**HOW TO COMPLETE THIS TASK**
Keep every line of the data below that has the string "très" and present those lines.
----------------
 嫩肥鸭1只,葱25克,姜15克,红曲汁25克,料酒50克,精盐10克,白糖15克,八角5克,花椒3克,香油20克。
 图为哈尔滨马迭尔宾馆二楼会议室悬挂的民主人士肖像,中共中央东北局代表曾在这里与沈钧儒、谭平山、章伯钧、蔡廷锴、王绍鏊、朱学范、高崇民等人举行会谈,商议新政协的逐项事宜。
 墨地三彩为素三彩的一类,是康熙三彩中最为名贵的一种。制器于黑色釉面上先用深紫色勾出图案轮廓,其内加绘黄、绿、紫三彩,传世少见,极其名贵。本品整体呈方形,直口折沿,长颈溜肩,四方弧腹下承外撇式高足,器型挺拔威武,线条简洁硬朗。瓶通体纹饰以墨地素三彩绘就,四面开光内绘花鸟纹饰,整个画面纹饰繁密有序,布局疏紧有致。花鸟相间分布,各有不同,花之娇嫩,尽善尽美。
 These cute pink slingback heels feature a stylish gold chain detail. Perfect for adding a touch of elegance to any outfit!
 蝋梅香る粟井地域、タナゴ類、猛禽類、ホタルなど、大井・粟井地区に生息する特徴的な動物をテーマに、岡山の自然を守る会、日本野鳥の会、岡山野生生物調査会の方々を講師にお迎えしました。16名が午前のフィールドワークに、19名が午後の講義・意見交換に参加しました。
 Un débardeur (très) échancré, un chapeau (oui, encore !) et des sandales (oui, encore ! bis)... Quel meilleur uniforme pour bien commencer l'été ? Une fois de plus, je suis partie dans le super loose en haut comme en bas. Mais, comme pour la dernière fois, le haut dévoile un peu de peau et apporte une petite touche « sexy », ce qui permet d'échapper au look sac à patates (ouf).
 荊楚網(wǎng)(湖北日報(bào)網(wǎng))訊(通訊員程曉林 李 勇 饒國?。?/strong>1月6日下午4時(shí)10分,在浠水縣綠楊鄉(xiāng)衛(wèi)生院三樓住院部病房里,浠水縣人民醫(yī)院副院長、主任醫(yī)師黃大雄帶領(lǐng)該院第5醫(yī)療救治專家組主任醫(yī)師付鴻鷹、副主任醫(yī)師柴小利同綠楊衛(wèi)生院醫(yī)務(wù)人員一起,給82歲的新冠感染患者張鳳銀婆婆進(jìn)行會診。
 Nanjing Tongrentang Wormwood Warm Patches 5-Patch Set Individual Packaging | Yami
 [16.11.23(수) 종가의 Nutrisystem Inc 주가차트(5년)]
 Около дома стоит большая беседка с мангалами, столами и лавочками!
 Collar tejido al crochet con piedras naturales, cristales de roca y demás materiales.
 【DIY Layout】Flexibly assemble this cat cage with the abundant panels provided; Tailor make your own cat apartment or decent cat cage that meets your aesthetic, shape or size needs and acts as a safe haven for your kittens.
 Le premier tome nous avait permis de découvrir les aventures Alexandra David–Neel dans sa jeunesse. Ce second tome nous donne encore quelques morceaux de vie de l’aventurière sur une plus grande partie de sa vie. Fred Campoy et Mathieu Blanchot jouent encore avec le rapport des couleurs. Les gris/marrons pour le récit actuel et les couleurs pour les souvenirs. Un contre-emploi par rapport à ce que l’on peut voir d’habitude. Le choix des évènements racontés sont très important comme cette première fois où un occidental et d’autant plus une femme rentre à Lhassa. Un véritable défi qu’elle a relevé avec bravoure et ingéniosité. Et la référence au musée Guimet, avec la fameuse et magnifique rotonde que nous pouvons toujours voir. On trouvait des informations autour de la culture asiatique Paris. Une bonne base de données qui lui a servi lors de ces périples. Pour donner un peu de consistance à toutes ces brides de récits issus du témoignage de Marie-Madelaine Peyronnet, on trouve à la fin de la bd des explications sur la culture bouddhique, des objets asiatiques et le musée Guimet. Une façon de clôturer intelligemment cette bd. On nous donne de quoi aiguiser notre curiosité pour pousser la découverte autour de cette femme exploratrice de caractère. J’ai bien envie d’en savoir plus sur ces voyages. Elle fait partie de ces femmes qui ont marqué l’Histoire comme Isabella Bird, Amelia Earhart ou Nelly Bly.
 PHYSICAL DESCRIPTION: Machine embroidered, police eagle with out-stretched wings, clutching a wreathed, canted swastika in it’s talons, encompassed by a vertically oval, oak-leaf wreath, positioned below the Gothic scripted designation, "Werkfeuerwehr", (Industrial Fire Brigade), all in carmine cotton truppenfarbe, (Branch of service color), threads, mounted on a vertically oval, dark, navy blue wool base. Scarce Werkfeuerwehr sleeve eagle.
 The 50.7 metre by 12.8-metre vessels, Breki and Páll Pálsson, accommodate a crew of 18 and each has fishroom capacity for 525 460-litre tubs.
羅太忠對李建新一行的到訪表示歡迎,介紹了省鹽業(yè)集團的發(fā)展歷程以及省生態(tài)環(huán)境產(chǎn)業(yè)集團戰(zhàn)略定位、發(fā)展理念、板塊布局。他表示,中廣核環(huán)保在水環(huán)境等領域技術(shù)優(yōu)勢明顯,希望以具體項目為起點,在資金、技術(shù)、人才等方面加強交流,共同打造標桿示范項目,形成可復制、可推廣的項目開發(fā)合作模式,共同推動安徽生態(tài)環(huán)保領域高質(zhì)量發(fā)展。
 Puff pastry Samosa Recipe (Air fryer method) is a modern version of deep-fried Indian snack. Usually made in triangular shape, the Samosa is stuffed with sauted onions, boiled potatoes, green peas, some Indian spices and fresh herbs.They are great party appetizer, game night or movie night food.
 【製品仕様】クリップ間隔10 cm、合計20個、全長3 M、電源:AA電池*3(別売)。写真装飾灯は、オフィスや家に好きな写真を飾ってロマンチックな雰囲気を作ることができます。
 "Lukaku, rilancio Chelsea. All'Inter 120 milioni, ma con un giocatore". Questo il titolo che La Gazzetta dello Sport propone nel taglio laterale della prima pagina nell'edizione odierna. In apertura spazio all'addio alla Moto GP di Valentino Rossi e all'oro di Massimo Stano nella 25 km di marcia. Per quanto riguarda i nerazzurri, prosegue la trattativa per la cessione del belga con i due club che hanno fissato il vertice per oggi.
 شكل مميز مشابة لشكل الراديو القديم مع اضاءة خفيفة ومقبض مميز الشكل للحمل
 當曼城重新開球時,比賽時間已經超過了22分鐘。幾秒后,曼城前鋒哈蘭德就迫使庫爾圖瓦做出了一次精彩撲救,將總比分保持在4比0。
----------------
**ANSWER FOR THIS EXERCISE**
 Un débardeur (très) échancré, un chapeau (oui, encore !) et des sandales (oui, encore ! bis)... Quel meilleur uniforme pour bien commencer l'été ? Une fois de plus, je suis partie dans le super loose en haut comme en bas. Mais, comme pour la dernière fois, le haut dévoile un peu de peau et apporte une petite touche « sexy », ce qui permet d'échapper au look sac à patates (ouf).
 Le premier tome nous avait permis de découvrir les aventures Alexandra David–Neel dans sa jeunesse. Ce second tome nous donne encore quelques morceaux de vie de l’aventurière sur une plus grande partie de sa vie. Fred Campoy et Mathieu Blanchot jouent encore avec le rapport des couleurs. Les gris/marrons pour le récit actuel et les couleurs pour les souvenirs. Un contre-emploi par rapport à ce que l’on peut voir d’habitude. Le choix des évènements racontés sont très important comme cette première fois où un occidental et d’autant plus une femme rentre à Lhassa. Un véritable défi qu’elle a relevé avec bravoure et ingéniosité. Et la référence au musée Guimet, avec la fameuse et magnifique rotonde que nous pouvons toujours voir. On trouvait des informations autour de la culture asiatique Paris. Une bonne base de données qui lui a servi lors de ces périples. Pour donner un peu de consistance à toutes ces brides de récits issus du témoignage de Marie-Madelaine Peyronnet, on trouve à la fin de la bd des explications sur la culture bouddhique, des objets asiatiques et le musée Guimet. Une façon de clôturer intelligemment cette bd. On nous donne de quoi aiguiser notre curiosité pour pousser la découverte autour de cette femme exploratrice de caractère. J’ai bien envie d’en savoir plus sur ces voyages. Elle fait partie de ces femmes qui ont marqué l’Histoire comme Isabella Bird, Amelia Earhart ou Nelly Bly.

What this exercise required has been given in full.